Dataset excerpts
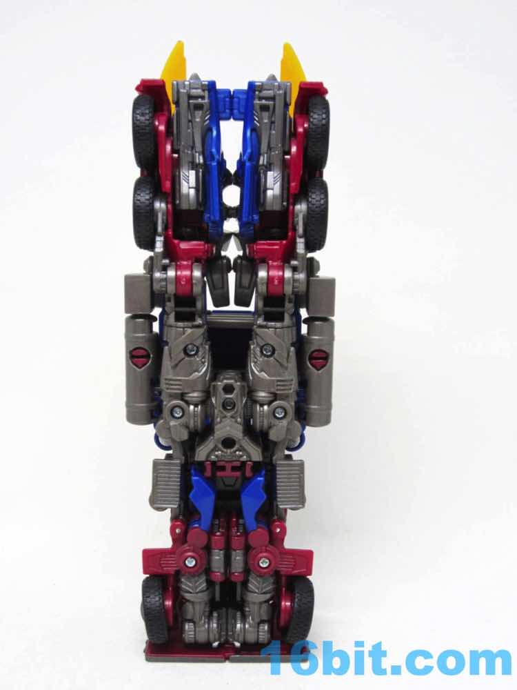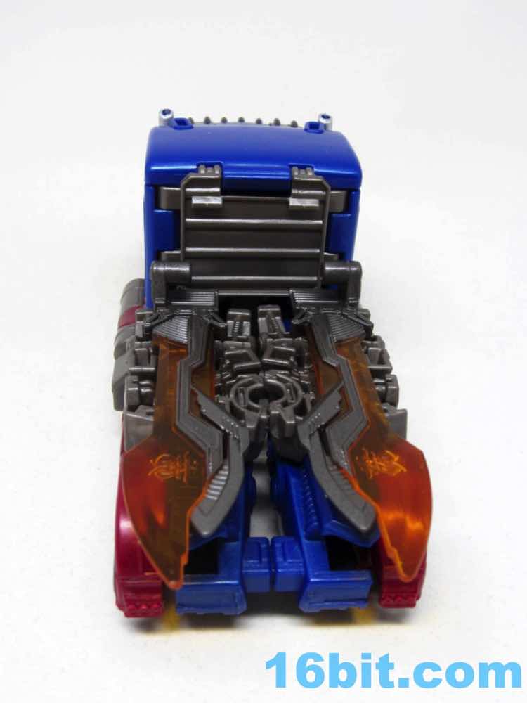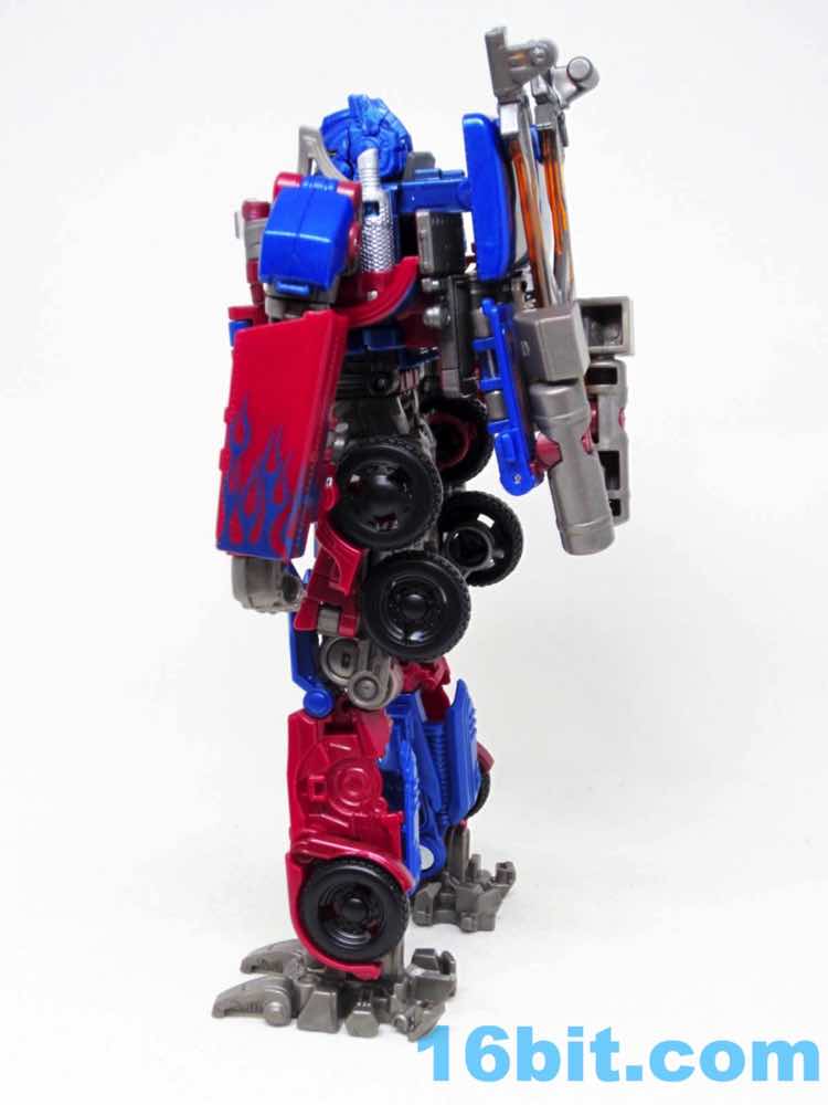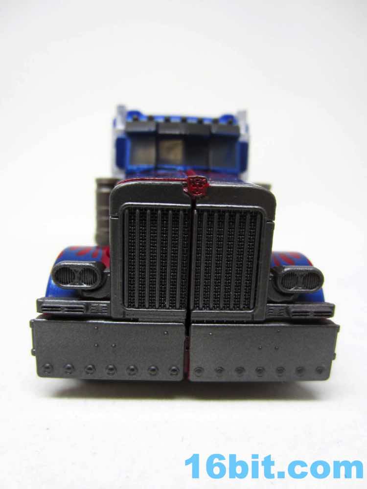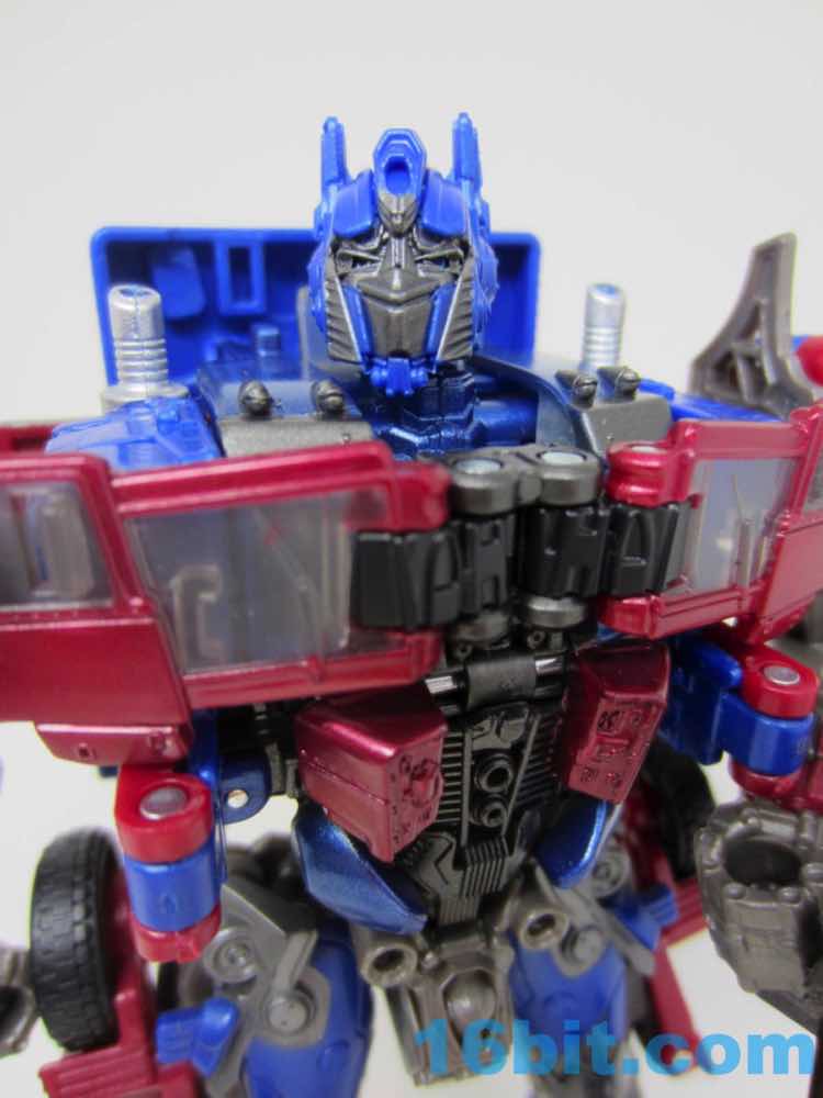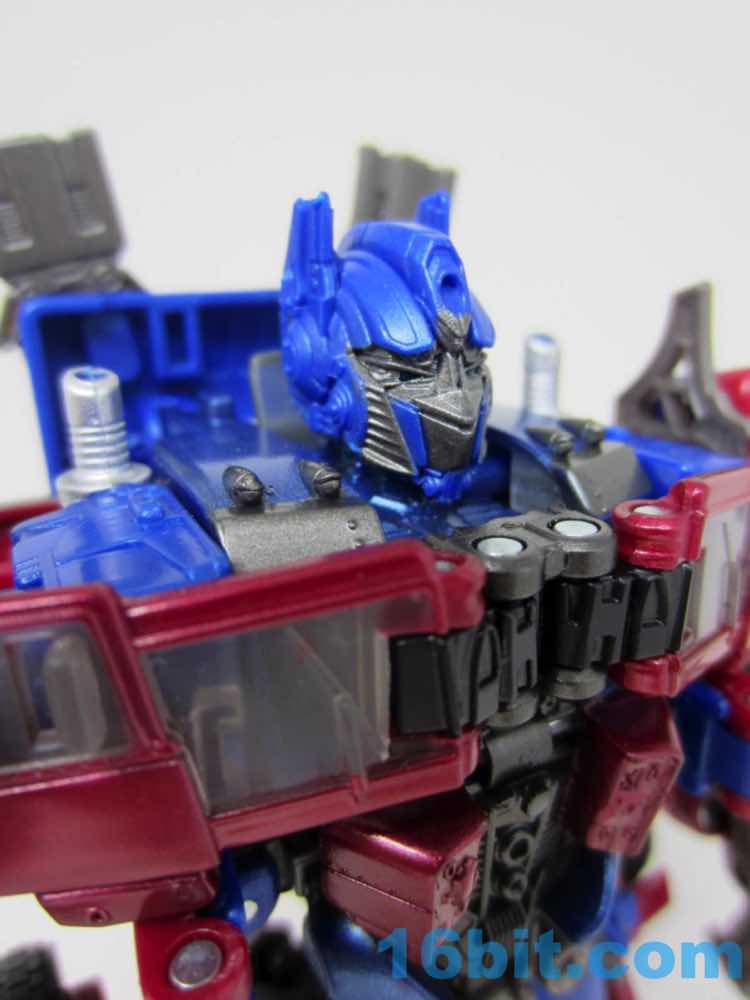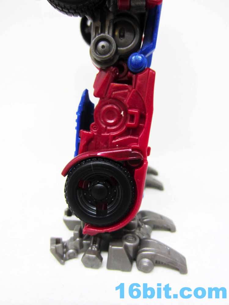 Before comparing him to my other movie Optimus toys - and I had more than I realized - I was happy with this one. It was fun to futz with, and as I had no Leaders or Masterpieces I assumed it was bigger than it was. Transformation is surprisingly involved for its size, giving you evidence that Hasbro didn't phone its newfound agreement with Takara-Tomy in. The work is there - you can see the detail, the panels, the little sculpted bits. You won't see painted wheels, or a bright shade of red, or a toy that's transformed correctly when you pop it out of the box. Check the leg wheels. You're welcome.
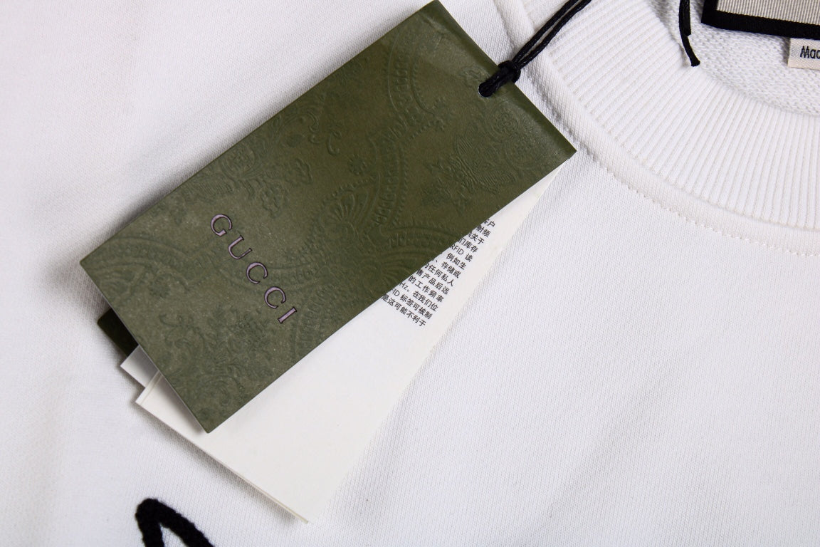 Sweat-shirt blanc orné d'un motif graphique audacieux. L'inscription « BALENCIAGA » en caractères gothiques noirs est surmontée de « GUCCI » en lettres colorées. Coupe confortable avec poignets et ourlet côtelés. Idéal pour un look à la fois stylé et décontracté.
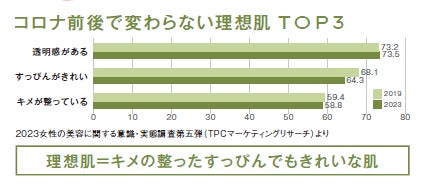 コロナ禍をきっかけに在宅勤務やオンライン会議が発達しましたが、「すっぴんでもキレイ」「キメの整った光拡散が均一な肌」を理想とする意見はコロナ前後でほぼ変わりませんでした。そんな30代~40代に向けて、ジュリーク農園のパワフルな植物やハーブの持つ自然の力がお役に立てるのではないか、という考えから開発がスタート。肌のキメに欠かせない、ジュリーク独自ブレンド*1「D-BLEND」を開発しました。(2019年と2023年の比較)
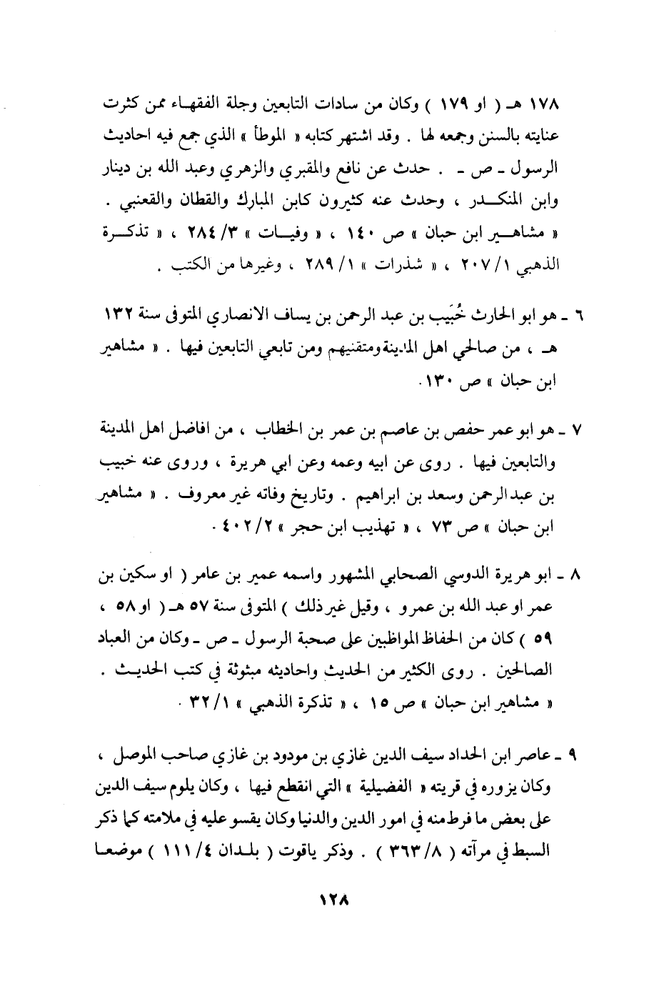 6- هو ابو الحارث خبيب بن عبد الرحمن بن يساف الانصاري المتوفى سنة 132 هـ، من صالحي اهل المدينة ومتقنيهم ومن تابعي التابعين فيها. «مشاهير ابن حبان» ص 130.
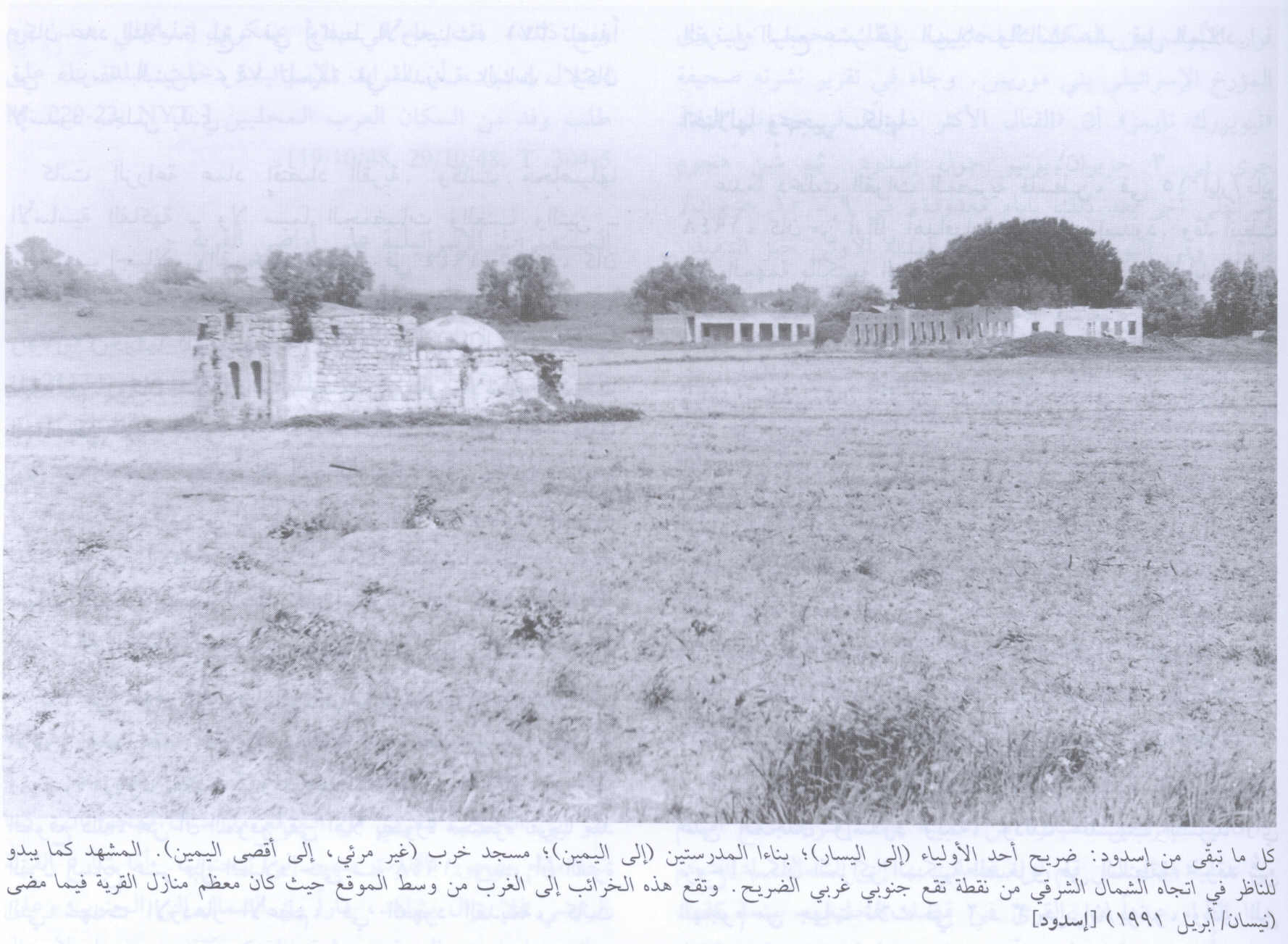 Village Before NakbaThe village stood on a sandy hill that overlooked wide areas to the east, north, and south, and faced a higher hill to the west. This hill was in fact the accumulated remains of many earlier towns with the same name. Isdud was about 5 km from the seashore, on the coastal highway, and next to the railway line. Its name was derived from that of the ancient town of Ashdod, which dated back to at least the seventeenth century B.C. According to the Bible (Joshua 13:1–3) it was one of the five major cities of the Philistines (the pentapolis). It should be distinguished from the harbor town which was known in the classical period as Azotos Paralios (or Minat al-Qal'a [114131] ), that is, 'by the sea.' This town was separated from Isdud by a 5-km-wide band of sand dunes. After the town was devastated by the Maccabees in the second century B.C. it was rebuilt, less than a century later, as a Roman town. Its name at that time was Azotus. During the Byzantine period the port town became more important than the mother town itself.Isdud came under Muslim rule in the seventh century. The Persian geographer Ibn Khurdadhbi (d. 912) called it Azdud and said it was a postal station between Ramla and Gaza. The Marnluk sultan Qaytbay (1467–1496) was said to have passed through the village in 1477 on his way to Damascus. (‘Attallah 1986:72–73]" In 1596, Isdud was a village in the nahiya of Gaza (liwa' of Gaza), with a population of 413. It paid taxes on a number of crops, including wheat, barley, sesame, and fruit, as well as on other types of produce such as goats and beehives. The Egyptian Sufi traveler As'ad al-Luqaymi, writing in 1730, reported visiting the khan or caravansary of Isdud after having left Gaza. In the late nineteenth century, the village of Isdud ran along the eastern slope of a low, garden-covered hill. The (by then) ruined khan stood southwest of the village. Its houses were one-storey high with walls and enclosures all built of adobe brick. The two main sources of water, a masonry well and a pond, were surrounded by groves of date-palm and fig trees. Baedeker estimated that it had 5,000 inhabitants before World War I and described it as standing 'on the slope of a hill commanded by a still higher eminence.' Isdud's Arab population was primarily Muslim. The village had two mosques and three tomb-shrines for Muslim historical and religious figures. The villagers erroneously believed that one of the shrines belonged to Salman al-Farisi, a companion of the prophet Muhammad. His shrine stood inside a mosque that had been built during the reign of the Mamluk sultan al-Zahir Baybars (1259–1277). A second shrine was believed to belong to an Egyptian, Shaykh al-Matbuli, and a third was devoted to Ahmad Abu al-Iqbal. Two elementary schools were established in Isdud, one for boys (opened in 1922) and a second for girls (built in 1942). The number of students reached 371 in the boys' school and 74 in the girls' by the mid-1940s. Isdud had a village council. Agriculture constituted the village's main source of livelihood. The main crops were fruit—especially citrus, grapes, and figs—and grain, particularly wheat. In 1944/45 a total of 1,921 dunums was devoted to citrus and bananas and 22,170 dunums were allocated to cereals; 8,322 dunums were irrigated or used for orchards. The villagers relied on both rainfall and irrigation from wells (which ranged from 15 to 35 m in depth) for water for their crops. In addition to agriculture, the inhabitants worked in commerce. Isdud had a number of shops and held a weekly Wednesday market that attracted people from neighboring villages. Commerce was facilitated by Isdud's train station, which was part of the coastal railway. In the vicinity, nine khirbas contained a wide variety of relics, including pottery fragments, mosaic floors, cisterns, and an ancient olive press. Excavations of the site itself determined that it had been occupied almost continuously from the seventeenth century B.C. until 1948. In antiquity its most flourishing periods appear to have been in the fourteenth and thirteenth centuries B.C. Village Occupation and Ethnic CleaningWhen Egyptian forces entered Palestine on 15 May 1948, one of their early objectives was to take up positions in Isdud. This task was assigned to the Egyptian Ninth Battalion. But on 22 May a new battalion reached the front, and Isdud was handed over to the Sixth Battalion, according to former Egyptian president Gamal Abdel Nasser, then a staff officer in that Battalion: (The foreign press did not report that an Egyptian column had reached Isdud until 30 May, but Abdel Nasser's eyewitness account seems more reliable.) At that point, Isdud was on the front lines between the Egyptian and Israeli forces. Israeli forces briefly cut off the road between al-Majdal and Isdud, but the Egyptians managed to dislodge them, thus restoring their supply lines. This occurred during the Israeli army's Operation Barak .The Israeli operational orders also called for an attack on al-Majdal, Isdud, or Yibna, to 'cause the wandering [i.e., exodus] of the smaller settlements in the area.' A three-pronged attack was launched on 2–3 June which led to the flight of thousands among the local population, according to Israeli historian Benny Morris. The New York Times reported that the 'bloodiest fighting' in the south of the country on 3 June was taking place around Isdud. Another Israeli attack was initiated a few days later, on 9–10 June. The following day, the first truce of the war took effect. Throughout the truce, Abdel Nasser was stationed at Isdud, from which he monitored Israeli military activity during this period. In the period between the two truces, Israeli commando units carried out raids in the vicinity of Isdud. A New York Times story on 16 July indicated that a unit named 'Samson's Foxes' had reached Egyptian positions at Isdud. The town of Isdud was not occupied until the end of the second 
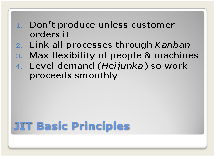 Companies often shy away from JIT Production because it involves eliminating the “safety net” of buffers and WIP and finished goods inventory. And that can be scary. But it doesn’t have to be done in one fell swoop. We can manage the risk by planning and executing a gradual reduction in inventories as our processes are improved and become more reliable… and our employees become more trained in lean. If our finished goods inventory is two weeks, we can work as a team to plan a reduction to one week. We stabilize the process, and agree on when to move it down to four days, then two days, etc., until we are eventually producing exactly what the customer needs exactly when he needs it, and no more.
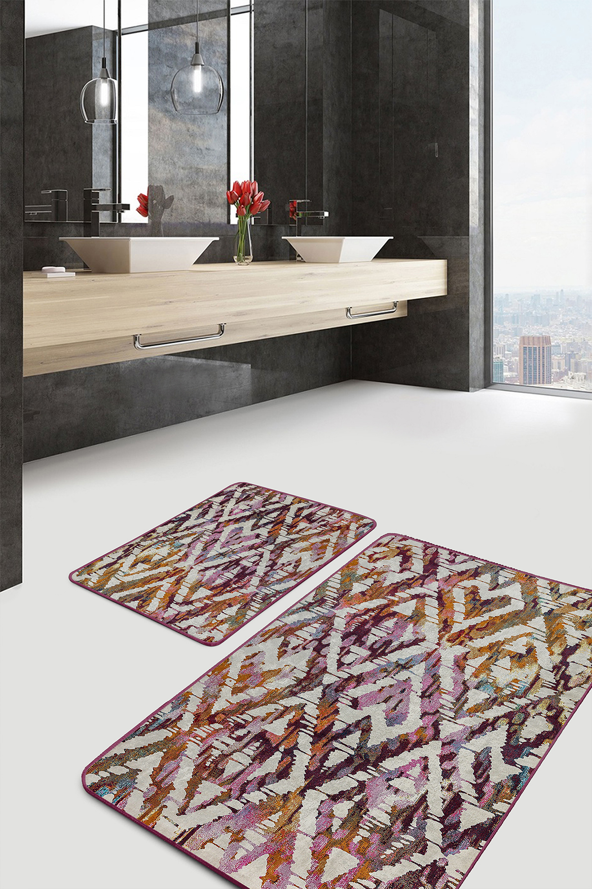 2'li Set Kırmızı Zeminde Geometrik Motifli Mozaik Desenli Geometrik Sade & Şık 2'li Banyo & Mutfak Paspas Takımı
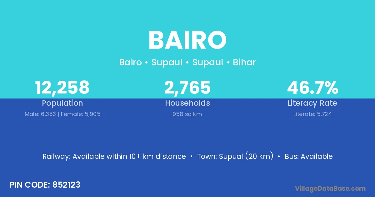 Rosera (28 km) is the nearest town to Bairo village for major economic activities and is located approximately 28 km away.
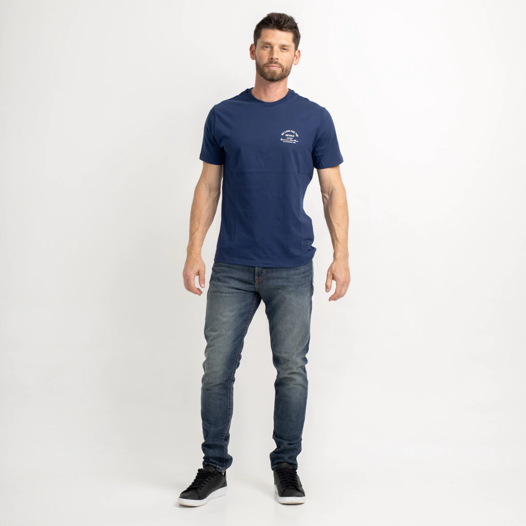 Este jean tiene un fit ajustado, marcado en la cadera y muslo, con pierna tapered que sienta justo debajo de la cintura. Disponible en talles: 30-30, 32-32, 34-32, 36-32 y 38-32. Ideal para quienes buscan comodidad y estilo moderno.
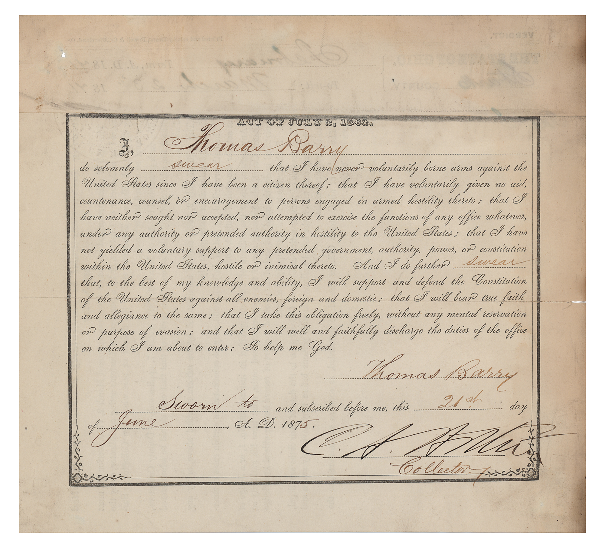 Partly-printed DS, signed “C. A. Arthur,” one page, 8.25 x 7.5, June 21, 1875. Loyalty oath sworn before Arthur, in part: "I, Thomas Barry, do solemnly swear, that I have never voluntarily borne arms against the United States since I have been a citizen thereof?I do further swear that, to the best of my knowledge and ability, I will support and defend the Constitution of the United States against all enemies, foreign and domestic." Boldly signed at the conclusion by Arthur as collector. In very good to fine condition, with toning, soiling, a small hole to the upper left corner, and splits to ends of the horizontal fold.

Work request
Return the material from the line containing "Companies often shy" through the line containing "Rosera (28 km)", exactly and in full, but without its pictures.

Solved problem
 Companies often shy away from JIT Production because it involves eliminating the “safety net” of buffers and WIP and finished goods inventory. And that can be scary. But it doesn’t have to be done in one fell swoop. We can manage the risk by planning and executing a gradual reduction in inventories as our processes are improved and become more reliable… and our employees become more trained in lean. If our finished goods inventory is two weeks, we can work as a team to plan a reduction to one week. We stabilize the process, and agree on when to move it down to four days, then two days, etc., until we are eventually producing exactly what the customer needs exactly when he needs it, and no more.
 2'li Set Kırmızı Zeminde Geometrik Motifli Mozaik Desenli Geometrik Sade & Şık 2'li Banyo & Mutfak Paspas Takımı
 Rosera (28 km) is the nearest town to Bairo village for major economic activities and is located approximately 28 km away.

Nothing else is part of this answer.